Drinking Responsibly

I'm A Slave To The Most Vile Liquid Concoction Ever

Hello, my name is Erin, and I am a Clamatoholic. Clamato. Say it out loud and it sounds like a dirty word. Everyone crinkles their nose when I own up to loving it. Because culturally speaking, Clamato is like Spam's ugly-duckling stepsister. Canadians might drink this stuff by the gallon in their Bloody Caesars, but stateside, we think Clamato is weird or yucky or downright horrific - providing we know what it is.

"You drink tomato and clam juice?" my friends say with disgust after I explain the crux of Clamato.

"Um, yeah," I mumble and look down.

Even Motts is embarrassed by their 42-year-old clam drink. The label features a glistening glass of red liquid along with some celery, tomatoes, lime and, tucked behind the glass and barely visible, an innocuous-looking clam shell, as if to say, "Hey, there's lots to love in here! Never mind that pesky clam." Motts also doesn't like to own up to Clamato. The only place you'll find the maker's name is in tiny squeaking letters on the back label along with the mandatory address of origin and "product of USA."
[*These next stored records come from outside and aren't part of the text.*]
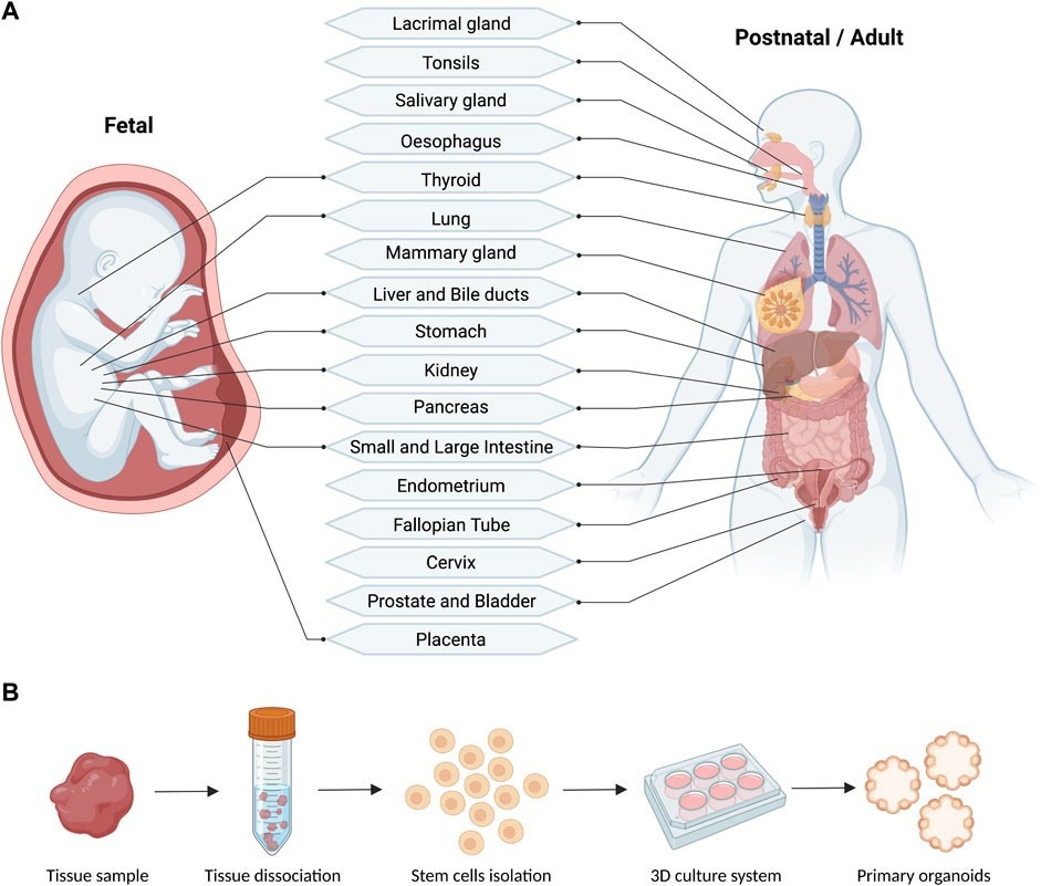 Schematic (A) and workflow (B) of the reported fetal and postnatal/adult tissues used for the derivation of primary human organoids (generated with BioRender).2
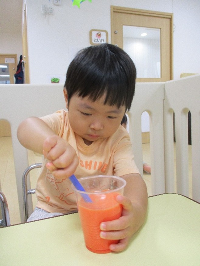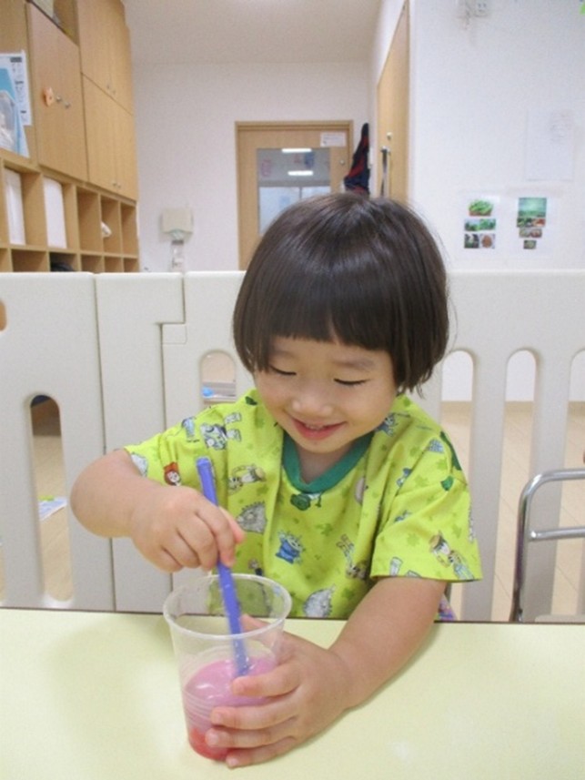 完成した色水を見て「〇〇ジュースみたい」とジュースに見立てる姿も
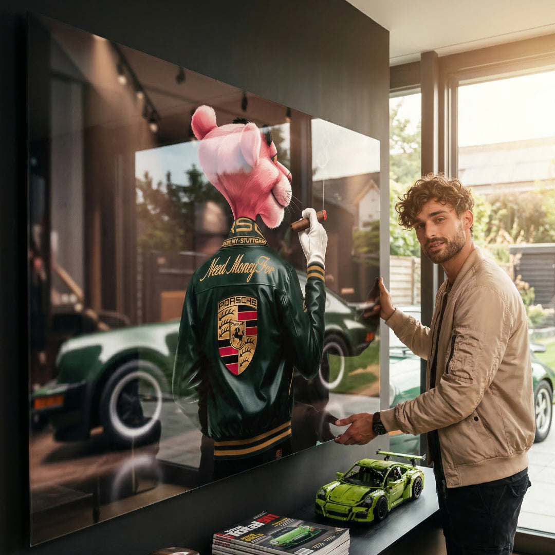 DOTCOMCANVAS® Premium Acrylglasbild mit Need Money for Porsche 2.0 Motiv.
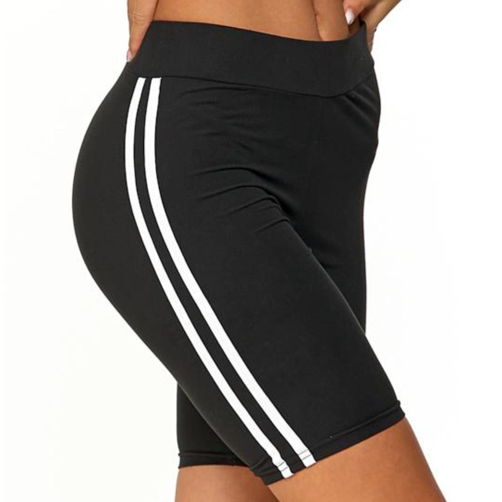 Dodatkowym elementem stylistycznym są białe, klasyczne lampasy umieszczone po bokach nogawek. Nadają one legginsom sportowo-miejskiego charakteru i modnego „twistu”, dzięki czemu kolarki świetnie pasują zarówno do stylizacji treningowych, jak i casualowych.
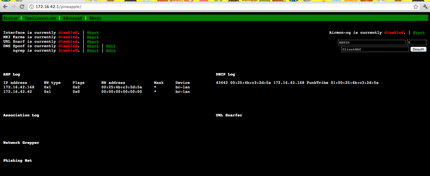 The WIFI Pineapple is pretty easy to setup. It has two LAN interfaces (pass through and admin access). It provides auto DHCP 172.16.42.X to the administrative interface. To access the main interface, a GUI located at 172.16.42.1. From here, the pen tester can enable many tools as well as see who is connecting to the WIFI Pineapple. Network setup is pretty easy and designed to pass traffic through without systems knowing the difference from the fake SSID or real network.
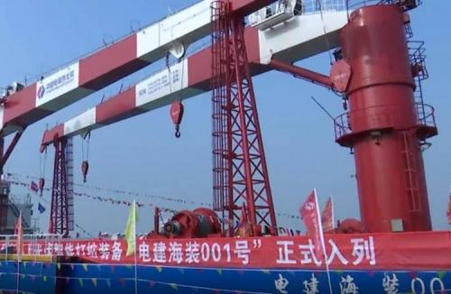 全國首臺套海上光伏智能高效打樁裝備“電建海裝001號”
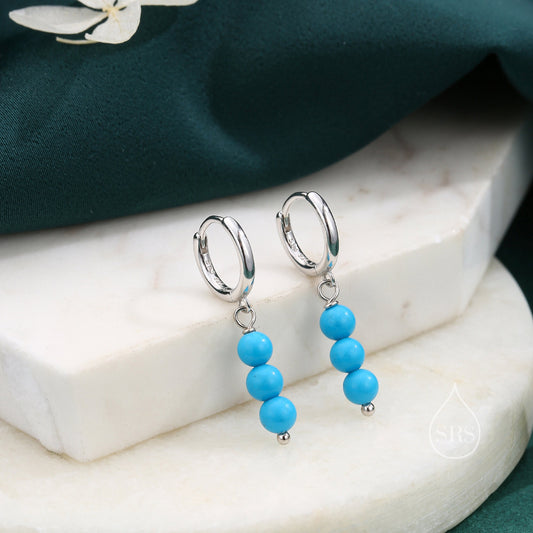 Genuine Turquoise Trio Huggie Hoop Earrings in Sterling Silver, Silver or Gold, Blue Turquoise Cluster Dangle Earrings, Three Turquoise Hoop
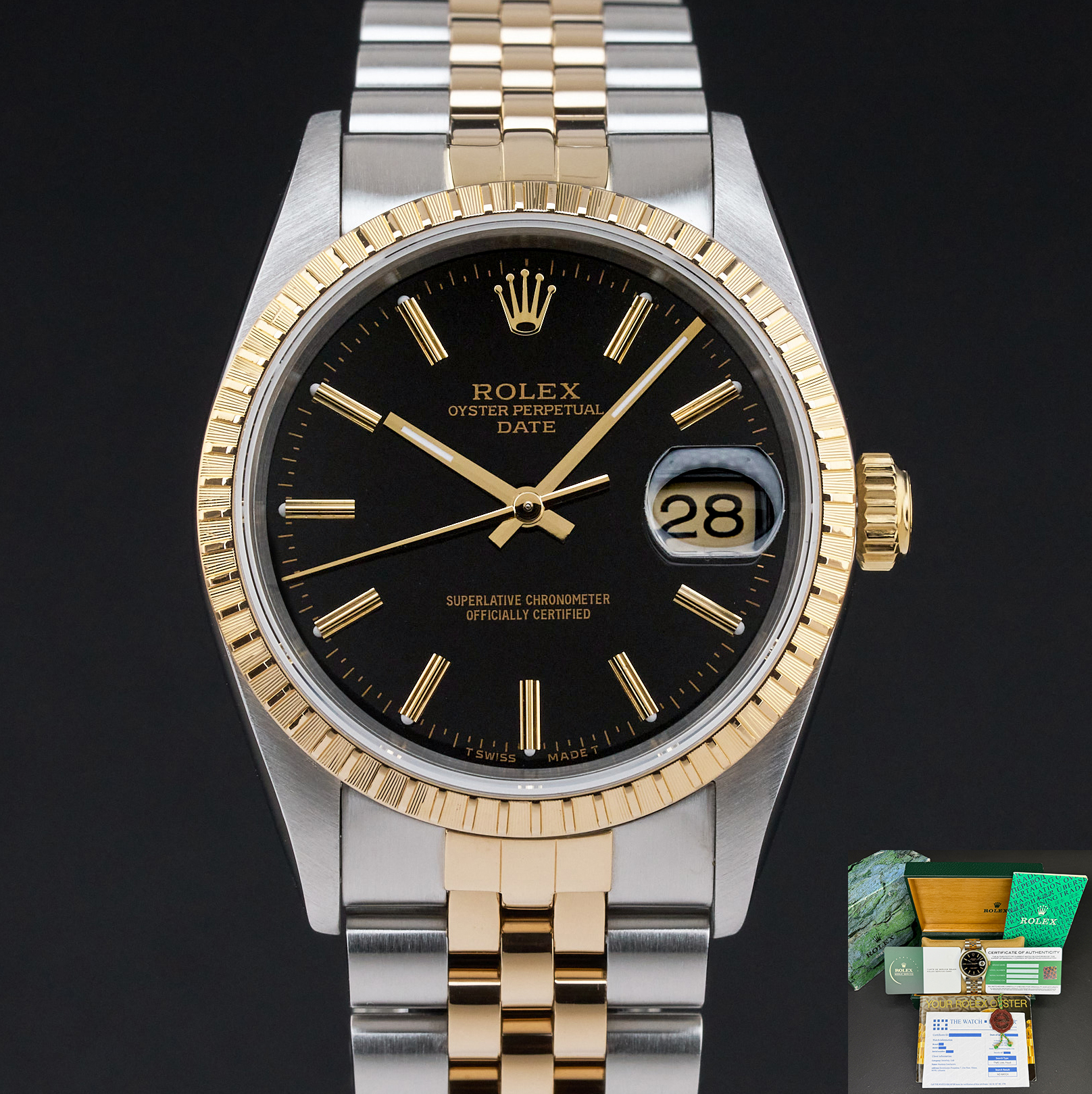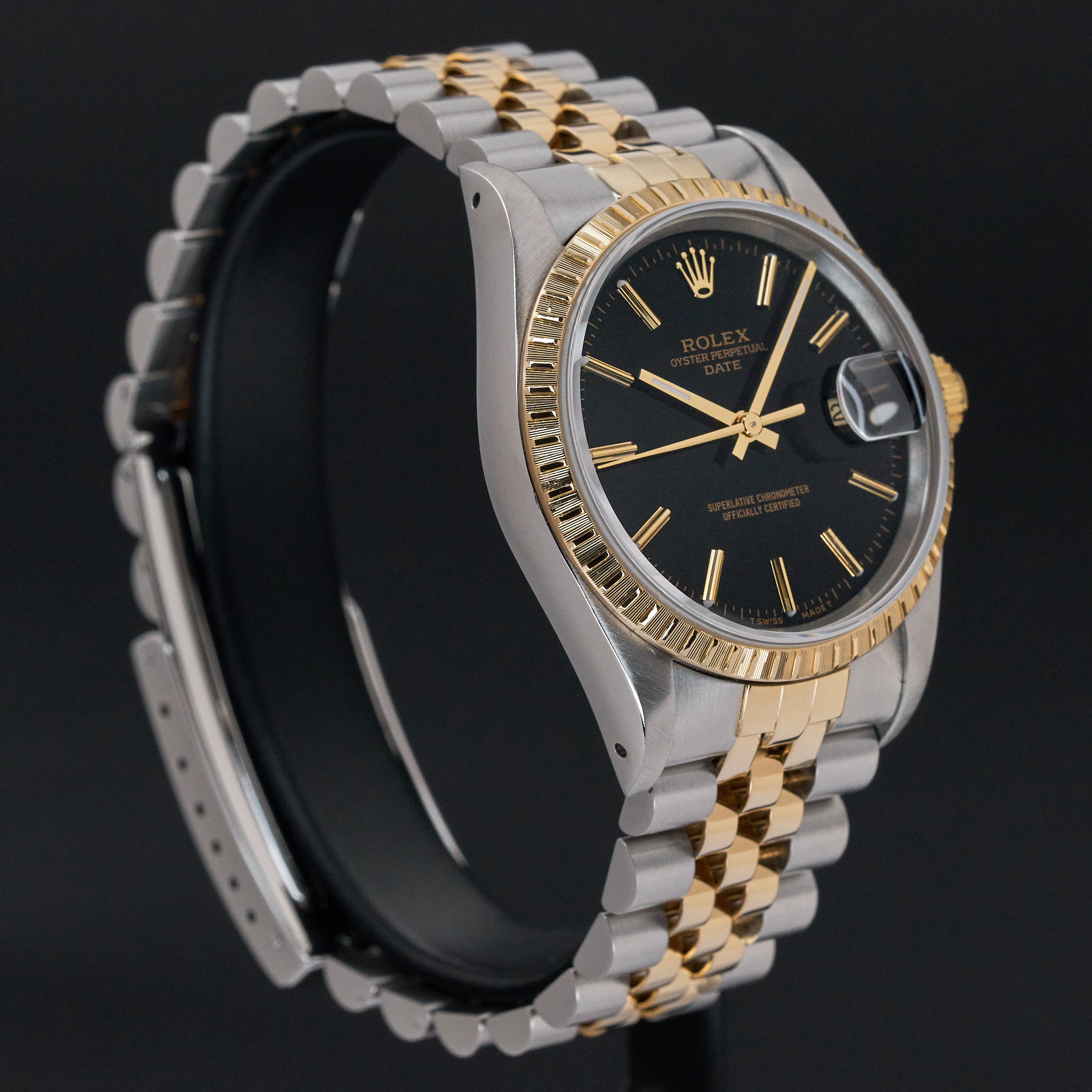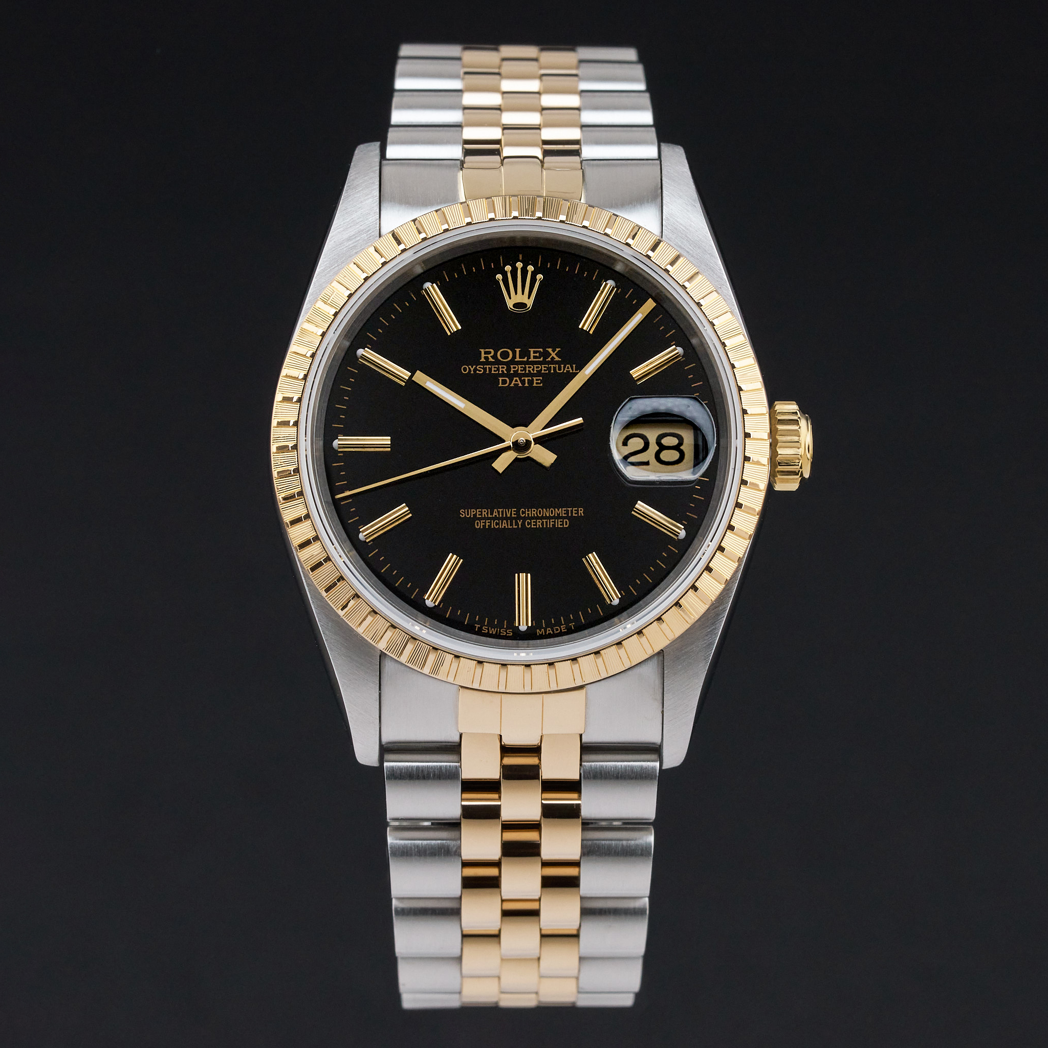 This Rolex Oyster Perpetual Date 15223 features a Black dial and is crafted from 18K yellow gold and stainless steel, with a production year of 1990.
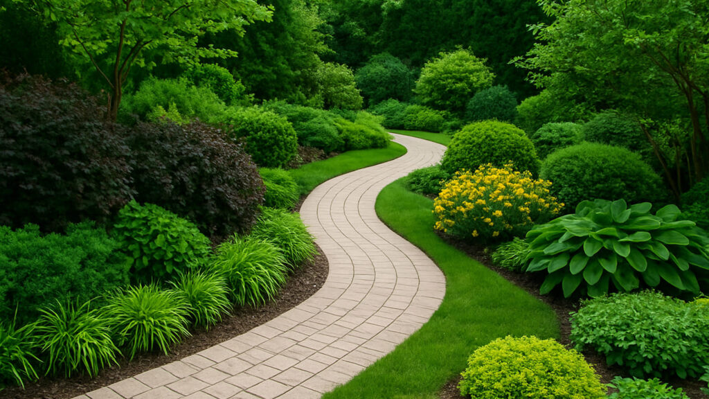曲線のアプローチや複雑な植栽配置は手間がかかり、高額になります。
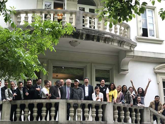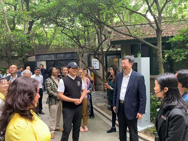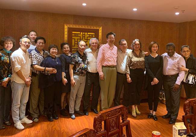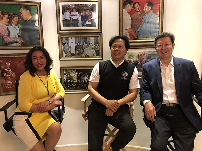 上海影视集团演员剧团团长佟瑞欣,电影艺术家达式常等在武康路会所接待美中企业家商会代表团。
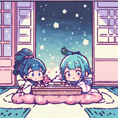 masterpiece, best quality, extremely detailed, anime, kibi dango, sweet dumpling made with millet flour, girl, bobcut, long sleeve, blue hair, wink, original character, my child, personification, chibi character, deformed, Japanese style, colorful, cooking, blue sky, morning, autumn, happy, waving,
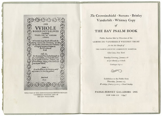 The forthcoming sale of the Bay Psalm Book will be an event long remembered in the world of rare books, just as its 1947 sale showed what can happen when a book that has an attraction to those who aren’t bibliophiles is sold at a public auction. In the 1947 auction, competition from a non-collector, Cornelius Vanderbilt Whitney, pushed the sale price to the unexpected level of $151,000. The volume was purchased by The Rosenbach Company on behalf of Yale University, but the hammer price far exceeded the commission bid that Yale and its benefactors had given Rosenbach, and in the complications surrounding the aftermath of the sale, the Bay Psalm Book made its way to Yale only after a sizeable contribution on the part of The Rosenbach Company.
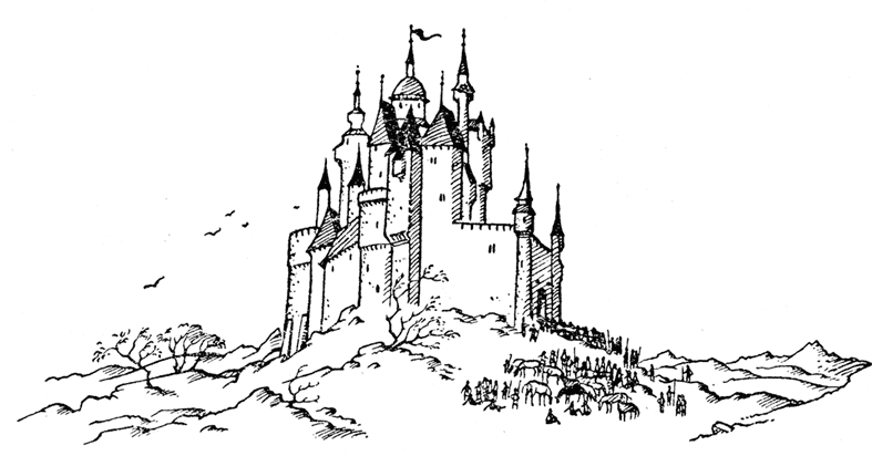Когда они наконец вышли из-под деревьев, то увидели зелёный луг, прикрытый с севера лесистой грядой, и королевский замок, очень старый, сложенный из тёмно-розового камня.

Unlike buying a cute rectangular can of Spam, which is occasionally stacked in a we've-got-nothing-to-hide display at the end of the aisle (and yes, I have been known to wash down Ritz crackers topped with Spam and a dash of Tabasco with a Stroh's beer; and yes, I did even once make Spam sushi, which I proudly dubbed Cleveland Rolls), buying Clamato is a closeted experience.

Grocery managers know we Clamatoholics very well. Hence, there is never, ever a Clamato display of any sort. We don't like people watching us chew our nails as we fret over the "nutrition facts." And we'll pay any price, so you'll never see BOGO under the Clamato bottles, which are amid the land of Knudsen's Very Veggie and those dubious cans of Frank's Quality Kraut Juice.

Clamato is actually some combination of tomato concentrate, high fructose corn syrup, MSG, salt, onion/garlic powder, ascorbic acid "to maintain color" (I love that Mott's explains this ingredient to me, almost an apology: Hey, we only put the ascorbic acid in there to keep this shit good and red!), dried clam broth, vinegar and red 40 (Er ... about that last one, folks ... the tomatoes and ascorbic acid weren't quite doing the job so we went ahead and just added some of our regular red as well).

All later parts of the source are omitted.